| ACTIVITY |
Please restate the data word for word.

| GIVEN INFORMATION |
- - -

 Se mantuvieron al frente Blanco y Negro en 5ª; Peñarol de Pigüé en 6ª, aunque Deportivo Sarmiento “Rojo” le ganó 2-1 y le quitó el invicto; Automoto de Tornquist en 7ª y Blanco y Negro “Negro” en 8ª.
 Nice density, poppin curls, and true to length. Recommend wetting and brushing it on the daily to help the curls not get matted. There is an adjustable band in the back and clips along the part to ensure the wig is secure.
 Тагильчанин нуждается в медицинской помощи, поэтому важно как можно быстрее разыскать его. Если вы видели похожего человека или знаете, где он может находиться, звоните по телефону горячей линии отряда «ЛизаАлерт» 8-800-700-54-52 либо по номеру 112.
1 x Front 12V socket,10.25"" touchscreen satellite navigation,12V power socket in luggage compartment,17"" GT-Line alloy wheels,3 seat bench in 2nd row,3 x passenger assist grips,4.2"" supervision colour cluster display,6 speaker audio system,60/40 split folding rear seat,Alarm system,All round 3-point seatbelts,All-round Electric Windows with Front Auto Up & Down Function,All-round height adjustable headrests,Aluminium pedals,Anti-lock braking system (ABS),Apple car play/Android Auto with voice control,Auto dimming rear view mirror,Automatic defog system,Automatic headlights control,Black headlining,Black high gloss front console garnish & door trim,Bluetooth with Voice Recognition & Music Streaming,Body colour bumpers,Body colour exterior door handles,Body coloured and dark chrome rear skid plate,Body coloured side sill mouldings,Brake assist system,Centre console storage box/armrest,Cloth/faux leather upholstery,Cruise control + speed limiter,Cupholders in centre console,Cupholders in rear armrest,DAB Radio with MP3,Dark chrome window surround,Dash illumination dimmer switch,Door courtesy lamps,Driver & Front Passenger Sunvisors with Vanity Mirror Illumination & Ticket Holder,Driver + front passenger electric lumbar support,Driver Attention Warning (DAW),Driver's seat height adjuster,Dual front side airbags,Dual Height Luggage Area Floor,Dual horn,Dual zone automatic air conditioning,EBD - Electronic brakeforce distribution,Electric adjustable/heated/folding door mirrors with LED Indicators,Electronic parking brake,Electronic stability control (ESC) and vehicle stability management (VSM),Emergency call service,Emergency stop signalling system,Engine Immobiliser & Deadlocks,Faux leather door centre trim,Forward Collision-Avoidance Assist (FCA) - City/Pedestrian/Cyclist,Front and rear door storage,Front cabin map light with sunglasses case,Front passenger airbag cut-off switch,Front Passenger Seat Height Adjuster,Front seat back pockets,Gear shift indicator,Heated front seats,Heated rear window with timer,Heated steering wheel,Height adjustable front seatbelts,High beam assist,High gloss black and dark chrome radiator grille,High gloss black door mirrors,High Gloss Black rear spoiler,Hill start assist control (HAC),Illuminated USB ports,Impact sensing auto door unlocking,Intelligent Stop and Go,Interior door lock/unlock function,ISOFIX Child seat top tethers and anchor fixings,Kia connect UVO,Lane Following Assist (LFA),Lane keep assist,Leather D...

- - -

| RESULT FOR THIS EXERCISE |
 Se mantuvieron al frente Blanco y Negro en 5ª; Peñarol de Pigüé en 6ª, aunque Deportivo Sarmiento “Rojo” le ganó 2-1 y le quitó el invicto; Automoto de Tornquist en 7ª y Blanco y Negro “Negro” en 8ª.
 Nice density, poppin curls, and true to length. Recommend wetting and brushing it on the daily to help the curls not get matted. There is an adjustable band in the back and clips along the part to ensure the wig is secure.
 Тагильчанин нуждается в медицинской помощи, поэтому важно как можно быстрее разыскать его. Если вы видели похожего человека или знаете, где он может находиться, звоните по телефону горячей линии отряда «ЛизаАлерт» 8-800-700-54-52 либо по номеру 112.
1 x Front 12V socket,10.25"" touchscreen satellite navigation,12V power socket in luggage compartment,17"" GT-Line alloy wheels,3 seat bench in 2nd row,3 x passenger assist grips,4.2"" supervision colour cluster display,6 speaker audio system,60/40 split folding rear seat,Alarm system,All round 3-point seatbelts,All-round Electric Windows with Front Auto Up & Down Function,All-round height adjustable headrests,Aluminium pedals,Anti-lock braking system (ABS),Apple car play/Android Auto with voice control,Auto dimming rear view mirror,Automatic defog system,Automatic headlights control,Black headlining,Black high gloss front console garnish & door trim,Bluetooth with Voice Recognition & Music Streaming,Body colour bumpers,Body colour exterior door handles,Body coloured and dark chrome rear skid plate,Body coloured side sill mouldings,Brake assist system,Centre console storage box/armrest,Cloth/faux leather upholstery,Cruise control + speed limiter,Cupholders in centre console,Cupholders in rear armrest,DAB Radio with MP3,Dark chrome window surround,Dash illumination dimmer switch,Door courtesy lamps,Driver & Front Passenger Sunvisors with Vanity Mirror Illumination & Ticket Holder,Driver + front passenger electric lumbar support,Driver Attention Warning (DAW),Driver's seat height adjuster,Dual front side airbags,Dual Height Luggage Area Floor,Dual horn,Dual zone automatic air conditioning,EBD - Electronic brakeforce distribution,Electric adjustable/heated/folding door mirrors with LED Indicators,Electronic parking brake,Electronic stability control (ESC) and vehicle stability management (VSM),Emergency call service,Emergency stop signalling system,Engine Immobiliser & Deadlocks,Faux leather door centre trim,Forward Collision-Avoidance Assist (FCA) - City/Pedestrian/Cyclist,Front and rear door storage,Front cabin map light with sunglasses case,Front passenger airbag cut-off switch,Front Passenger Seat Height Adjuster,Front seat back pockets,Gear shift indicator,Heated front seats,Heated rear window with timer,Heated steering wheel,Height adjustable front seatbelts,High beam assist,High gloss black and dark chrome radiator grille,High gloss black door mirrors,High Gloss Black rear spoiler,Hill start assist control (HAC),Illuminated USB ports,Impact sensing auto door unlocking,Intelligent Stop and Go,Interior door lock/unlock function,ISOFIX Child seat top tethers and anchor fixings,Kia connect UVO,Lane Following Assist (LFA),Lane keep assist,Leather D...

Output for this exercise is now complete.